▸ **Task details**: From the entries below, copy exactly the lines from the one that contains "新品未使用 ダイワ ソルティガ" through the one that contains "(※5)「MMCFTP」:ビ", both included, and only those.

▸ **Data records**:

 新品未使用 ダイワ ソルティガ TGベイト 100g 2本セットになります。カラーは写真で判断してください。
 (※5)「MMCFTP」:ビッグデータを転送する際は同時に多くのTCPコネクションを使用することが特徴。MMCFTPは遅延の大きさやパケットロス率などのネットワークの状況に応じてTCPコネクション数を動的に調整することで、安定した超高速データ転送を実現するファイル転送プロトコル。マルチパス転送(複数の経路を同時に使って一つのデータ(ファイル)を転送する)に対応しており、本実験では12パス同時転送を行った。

...

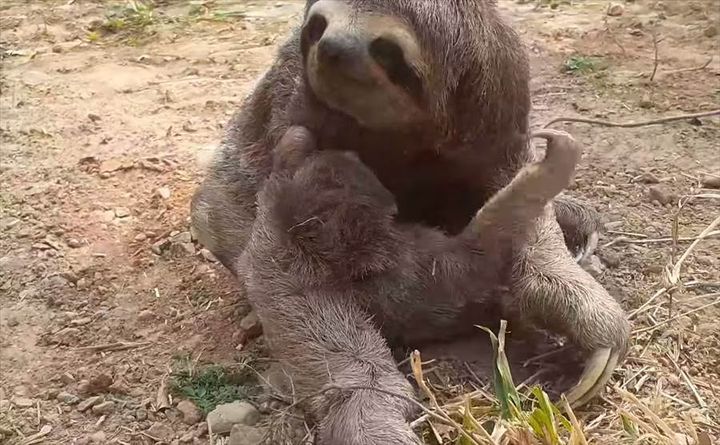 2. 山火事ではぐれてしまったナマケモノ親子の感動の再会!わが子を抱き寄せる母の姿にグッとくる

---

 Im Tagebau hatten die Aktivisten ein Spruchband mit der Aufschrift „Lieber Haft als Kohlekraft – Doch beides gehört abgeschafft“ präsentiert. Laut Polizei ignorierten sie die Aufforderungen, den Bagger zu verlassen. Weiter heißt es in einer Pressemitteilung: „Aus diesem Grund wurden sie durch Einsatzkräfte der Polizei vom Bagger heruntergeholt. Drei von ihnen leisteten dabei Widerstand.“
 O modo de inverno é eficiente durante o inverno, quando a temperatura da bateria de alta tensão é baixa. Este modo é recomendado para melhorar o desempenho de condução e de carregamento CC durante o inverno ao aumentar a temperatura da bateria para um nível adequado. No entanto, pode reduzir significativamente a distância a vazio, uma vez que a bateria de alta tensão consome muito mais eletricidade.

▸ **Worked solution**:
 新品未使用 ダイワ ソルティガ TGベイト 100g 2本セットになります。カラーは写真で判断してください。
 (※5)「MMCFTP」:ビッグデータを転送する際は同時に多くのTCPコネクションを使用することが特徴。MMCFTPは遅延の大きさやパケットロス率などのネットワークの状況に応じてTCPコネクション数を動的に調整することで、安定した超高速データ転送を実現するファイル転送プロトコル。マルチパス転送(複数の経路を同時に使って一つのデータ(ファイル)を転送する)に対応しており、本実験では12パス同時転送を行った。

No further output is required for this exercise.